__What is expected__.
Transcribe all of the data exactly. Omit the pictures.

__Dataset excerpt__.
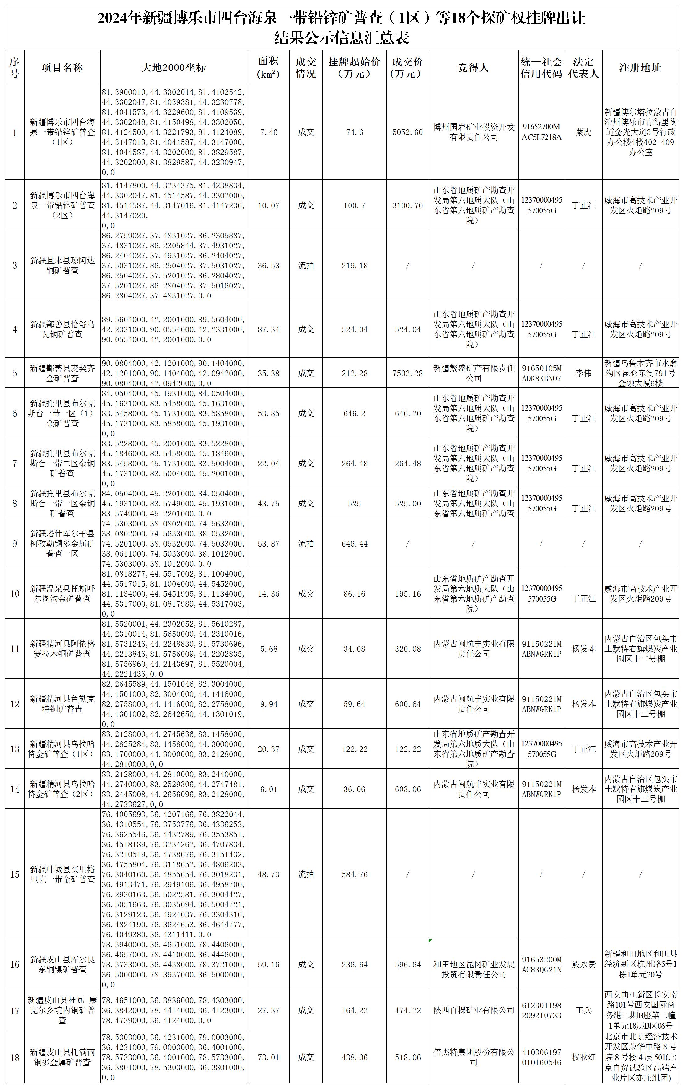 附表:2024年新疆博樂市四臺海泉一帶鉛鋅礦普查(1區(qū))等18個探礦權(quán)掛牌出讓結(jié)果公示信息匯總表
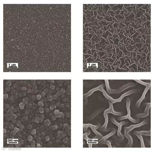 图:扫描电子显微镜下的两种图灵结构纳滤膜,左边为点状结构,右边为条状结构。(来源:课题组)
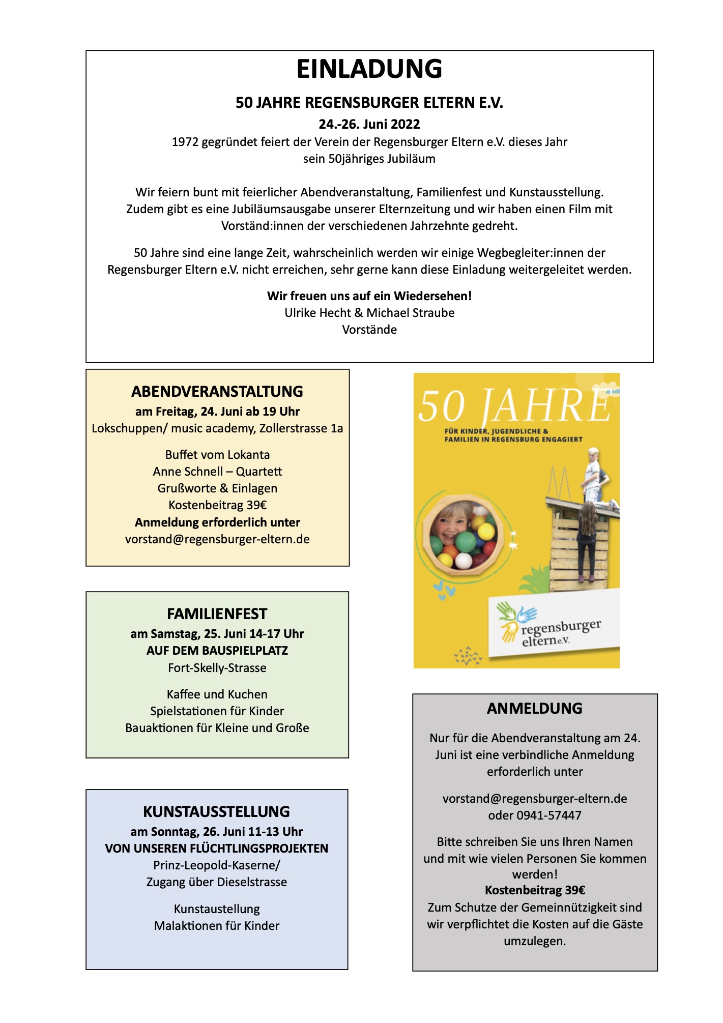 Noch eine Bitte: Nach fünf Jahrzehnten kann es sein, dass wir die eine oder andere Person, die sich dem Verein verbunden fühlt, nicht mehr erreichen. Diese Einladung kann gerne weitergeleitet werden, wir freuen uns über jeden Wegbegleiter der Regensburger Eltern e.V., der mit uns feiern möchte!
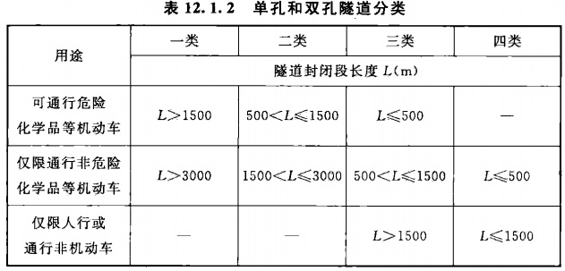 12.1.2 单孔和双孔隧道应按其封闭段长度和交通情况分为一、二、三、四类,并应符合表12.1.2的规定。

__Worked solution__.
 附表:2024年新疆博樂市四臺海泉一帶鉛鋅礦普查(1區(qū))等18個探礦權(quán)掛牌出讓結(jié)果公示信息匯總表
 图:扫描电子显微镜下的两种图灵结构纳滤膜,左边为点状结构,右边为条状结构。(来源:课题组)
 Noch eine Bitte: Nach fünf Jahrzehnten kann es sein, dass wir die eine oder andere Person, die sich dem Verein verbunden fühlt, nicht mehr erreichen. Diese Einladung kann gerne weitergeleitet werden, wir freuen uns über jeden Wegbegleiter der Regensburger Eltern e.V., der mit uns feiern möchte!
 12.1.2 单孔和双孔隧道应按其封闭段长度和交通情况分为一、二、三、四类,并应符合表12.1.2的规定。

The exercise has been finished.